Grossman’s On Combat


After many interruptions and distractions, I’ve finished reading On Combat: The Psychology and Physiology of Deadly Conflict in War and Peace by Lt. Col. Dave Grossman with Loren W. Christensen (Warrior Science Publications, 2008). I read the book because I wanted to understand my own reaction to being in combat in Vietnam.

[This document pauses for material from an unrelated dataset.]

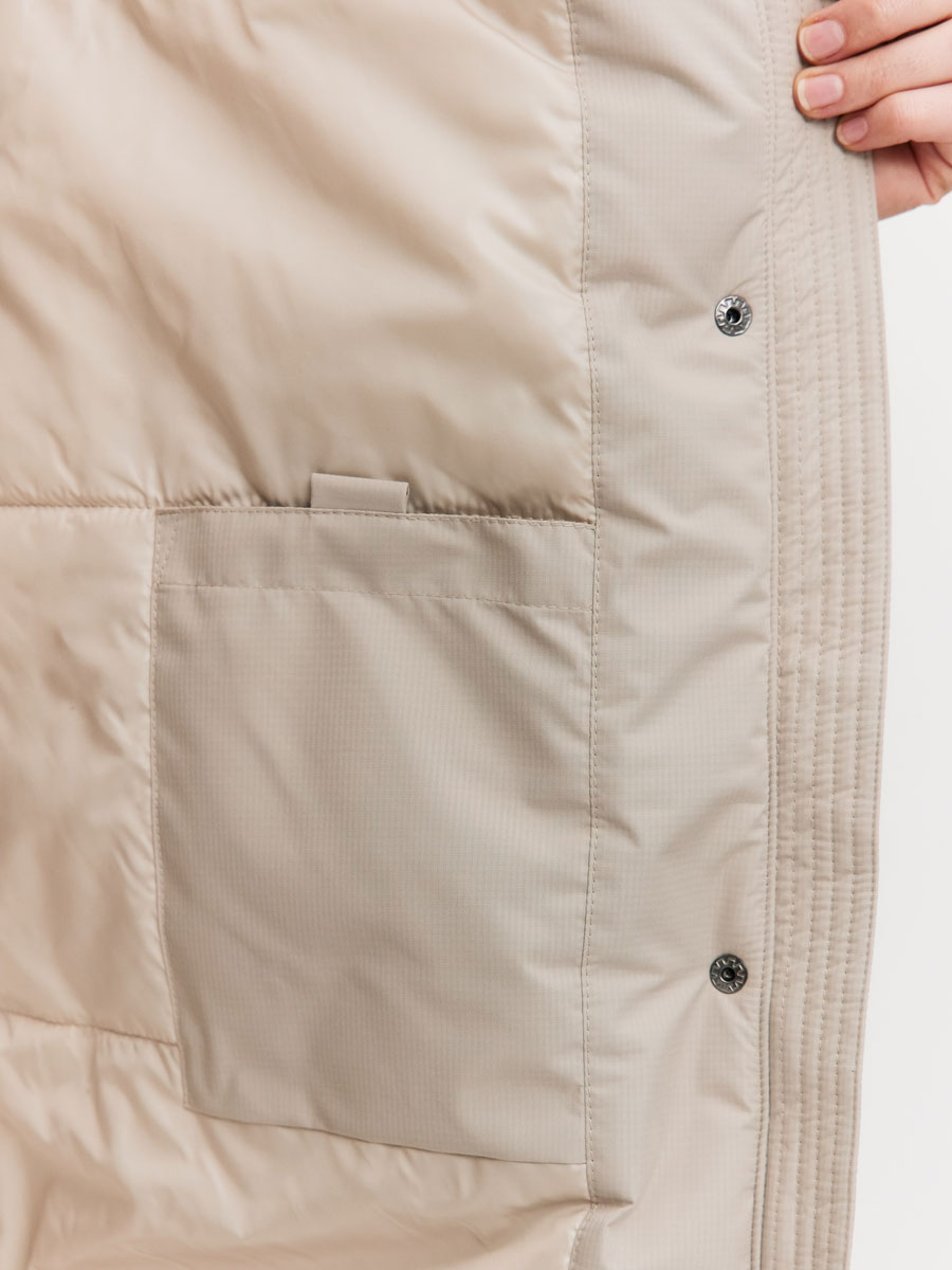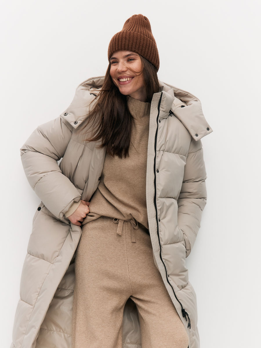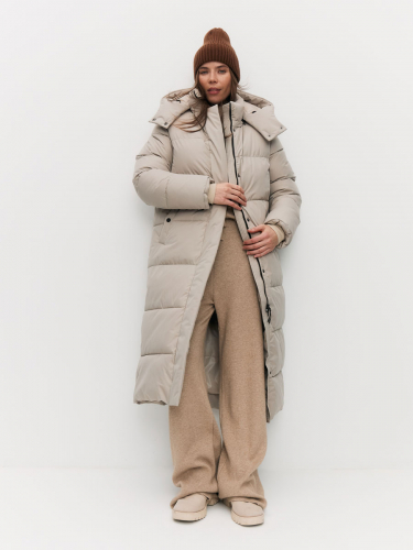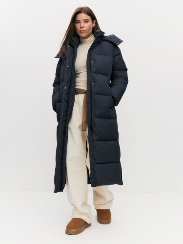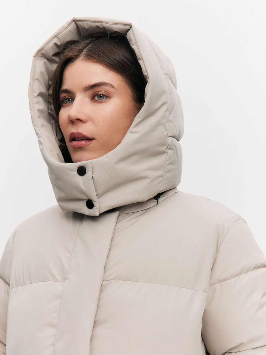 Зимнее стеганое пальто - пуховик для женщин, прямого силуэта. Наполнитель: искусственный "лебяжий пух"+био-пух, плотность набивки 200 гр/м2. Пальто с втачным воротником-стойкой и отстёгивающимся объемным капюшоном. По лицевому краю капюшона кулиса с люверсами, резиновым шнурком и фиксаторами для регулировки. По боковым швам внизу пальто – шлицы на кнопках. Центральная застёжка на молнию, закрытую планкой на потайных кнопках. 2 кармана с листочками на кнопках. Низ рукава прямой, с внутренним манжетом из флиса.Подкладка выстегана на утеплитель - синтепон 100. Подкладочная спинка с кокеткой из флиса. На левой подкладочной полочке накладной карман с липучкой. Рассчитана на температуру от -10 до -25.

Background: As I’ve reported here before, between 1962 and 1975, I was in Vietnam at least four months each year. I had two complete tours there and so many shorter trips that I lost count. I kept getting sent back to Vietnam for several reasons. First, as a National Security Agency (NSA) employee, I knew North Vietnamese communications as well as I knew my own body. I’d been exploiting them since 1960. Second, I spoke Vietnamese, Chinese, and French, the three languages of Vietnam. Third, and most important, I was willing to go into combat with the army and Marine units I was supporting. That made me very popular with the military—no sooner would I get back to “the world,” what we called the U.S., than a message would from Vietnam asking for me to be sent back, and back I’d go.

Readers have asked me if I had a choice. Could I have refused to return to the war in Vietnam? Yes. All my time in Vietnam was voluntary. First of all, I loved the work itself. Second, there weren’t many like me, with the skills and training needed to do the job. And third, I saw it as my duty. I knew I could be a great help to U.S. combat forces. I had proven, again and again, that letting U.S. forces know what the enemy was doing, where he was, and what his plans were saved lives. How could I say no?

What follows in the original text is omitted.